Saturday, most of the 42 members of our writer’s critique group gathered for our annual Christmas party. At first glance it might seem we all took a day away from our writing to celebrate this important anniversary of Jesus’ birth. However, on second look with the perspective a couple of days makes, I realize that we were all practicing our craft.

What did most of us talk about? Our writing, of course. And we had the opportunity to approach that discussion from a different point of view. We were no longer critiquing our work or having it critiqued, but we were talking about how we approach what we do. What motivates us. How we feel about writing itself. These were all topics of my discussions with different people. And as I listened to others, I found they too were talking about how they go about their writing.
It’s not difficult to understand why. Just try talking about what you do with someone who doesn’t write. After a while, their attention wanders, their gaze goes blank and the smile on their face begins to look pasted on. The same thing would occur should a Professor of Physics walk into the room and begin to talk to writers about what he does. We’d go blank, too. So, when we want sympathy or understanding, we talk to other writers.
That’s why it’s important that we network with others in our field of endeavor, no matter what that might be. I’ve been writing for close to 30 years now, and I finished my first novel when I was 50. It took several years to write that first one. I knew nothing, had not been schooled or studied the craft in any way. I was writing something I needed to say, and also something I wanted to know much more about. To write the book properly would call for a lot of research into the field of my interest. Probably six months or more were spent digging through books at the library. Hours and hours each day I pored over magazine and newspaper articles, books and yes, novels, about my subject. No Internet available to the common folk then, you know.
Even so, after years of working on the book, it still took networking with others who wrote before I could actually get that book whipped into the kind of shape it needed before I could approach an agent and publisher. So many people feel like they can write their book, find an agent and a publisher and hit the jackpot. That is, until they are educated by other writers who know better.
I received an email recently from a woman who has written a novel and wants me to tell her how to get it published. Actually, if I could tell her that all those books I’ve written that have never found a home would be out there for all to read. Of course, I’ve had some books published, 12, to be exact. Not terribly impressive for all the years I’ve written, but better than none.
I tried to help her, and my first suggestion was to get someone to read it; my next was to join a group of writers, preferably a critique group. Next, I told her to be prepared to rewrite that book several times, then we could get back to how to get her novel published. One thing I didn’t mention was to get ready for rejections, lots of them. That can wait until she’s developed a thicker skin from being critiqued.
These are all things we in the business finally learn, and it can sometimes take a while. That’s why we continue to gather with other writers at places like Ozarks Writers League and conferences around the area. It’s a part of our learning process, one we should never stop. The day we stop learning, we stop making progress in our career.

About veldabrotherton

For thirty years I've been a writer. Publication of my work began in 1994 . I'm pleased to have recently settled with Oghma Creative Media as my publisher. My brand is SexyDarkGritty and that applies to my western historical romances, mysteries, women's fiction and horror novels. I recently signed a contract to write westerns again, and what fun it's been working on the first one. If I weren't writing my life wouldn't be so exciting.
This entry was posted in critique groups, first novels, gathering of writers, how to get published, networking, Velda Brotherton. Bookmark the permalink.
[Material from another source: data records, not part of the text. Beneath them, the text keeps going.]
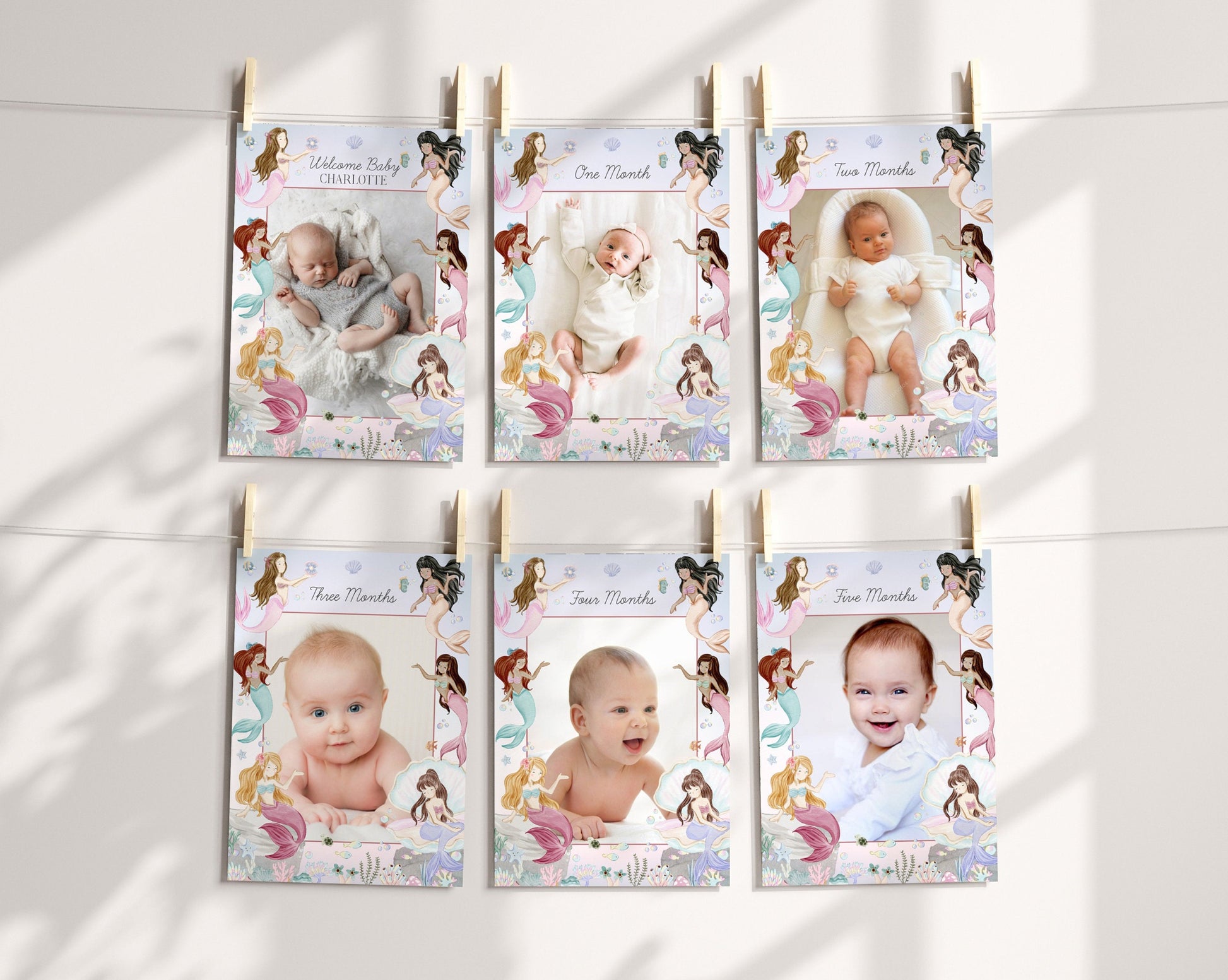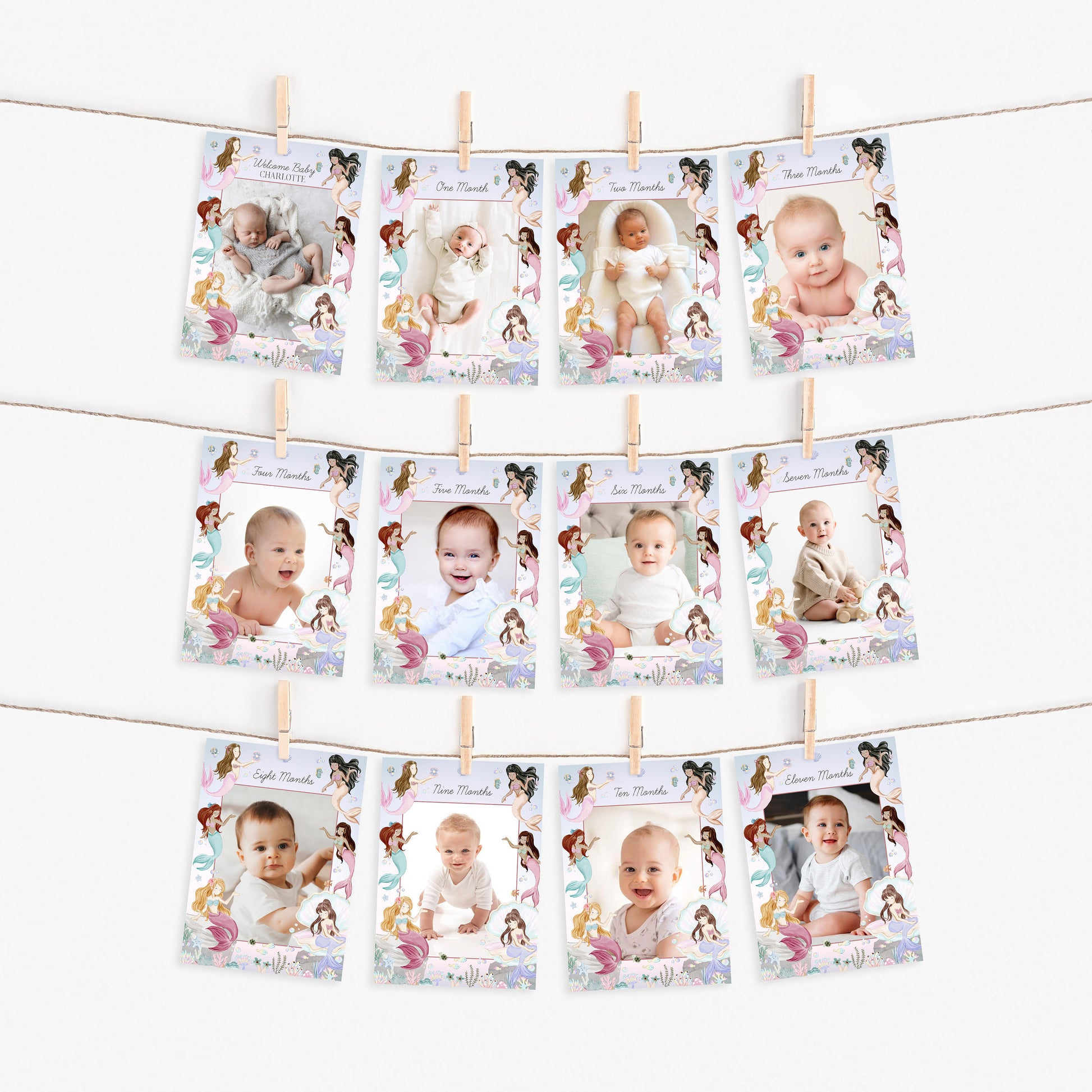 Mermaid 1st Birthday Milestone Banner Printable Template, enchanted under the sea 1st birthday party for girl, pastel magical mermaid party
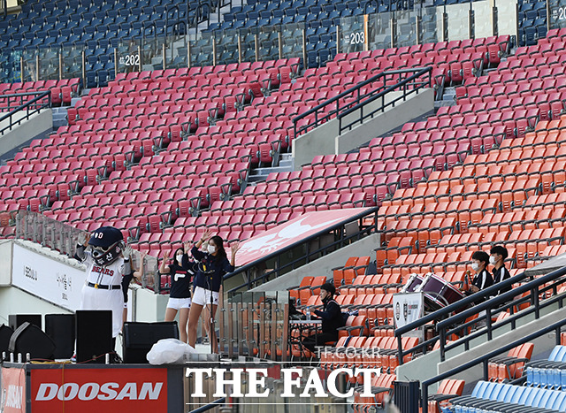 [더팩트ㅣ배정한 기자] 2020 KBO리그 두산 베어스와 키움 히어로즈의 경기가 26일 오후 서울 송파구 잠실야구장에서 열린 가운데 두산 치어리더들이 응원을 하고 있다.
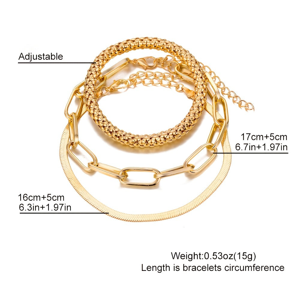 Elevate your style with this gorgeous set of three golden chain bracelets. Perfect for adding a touch of sophistication to any outfit.
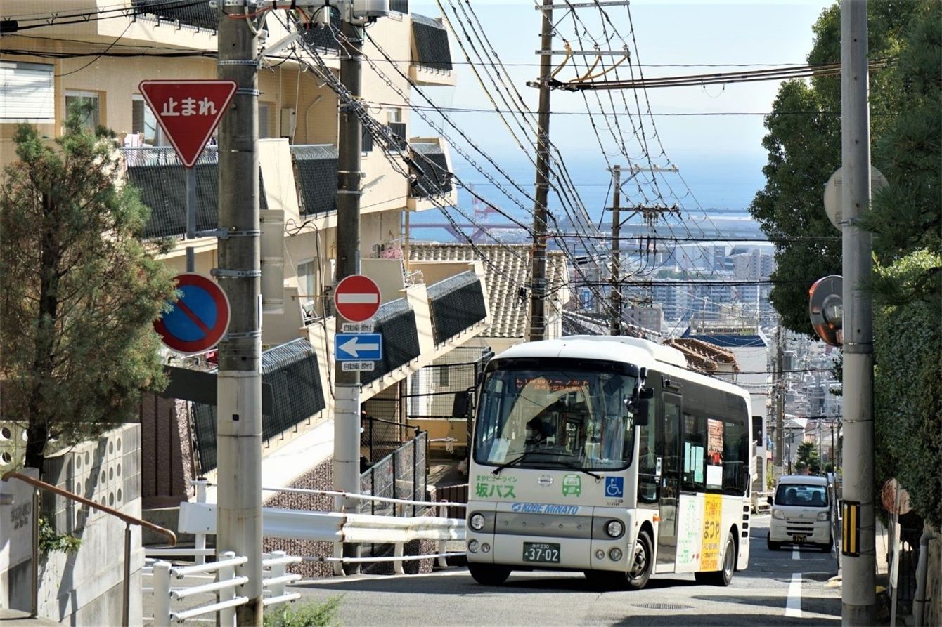 摩耶ケーブル下に向かって上る坂バス

  1. Yes, Velda, no one understands a writer like another writer. Our two writers groups in Mountain Home are growing and it is a wonderful feeling.

  2. Isn't it funny how we NEVER get tired of "writer-speak"? It just charges my emotional and creative batteries! I relish the time I have with my writing family.

  3. How true! I've been writing since the late seventies and when I began I thought it would be so simple! I was going to be a children's writer. Well, it took about three months to find out that was the most demanding kind of writing there was to be done. It takes years and years of learning and listening and writing and writing and writing…AND mixing with other writers. How wonderful that we can have these opportunities!

  4. Joanne says:

    Writing is such an amazing process, the the more we get into it, the more we love it. And now, with the internet, it's even easier to make those writer connections that are so necessary to the craft!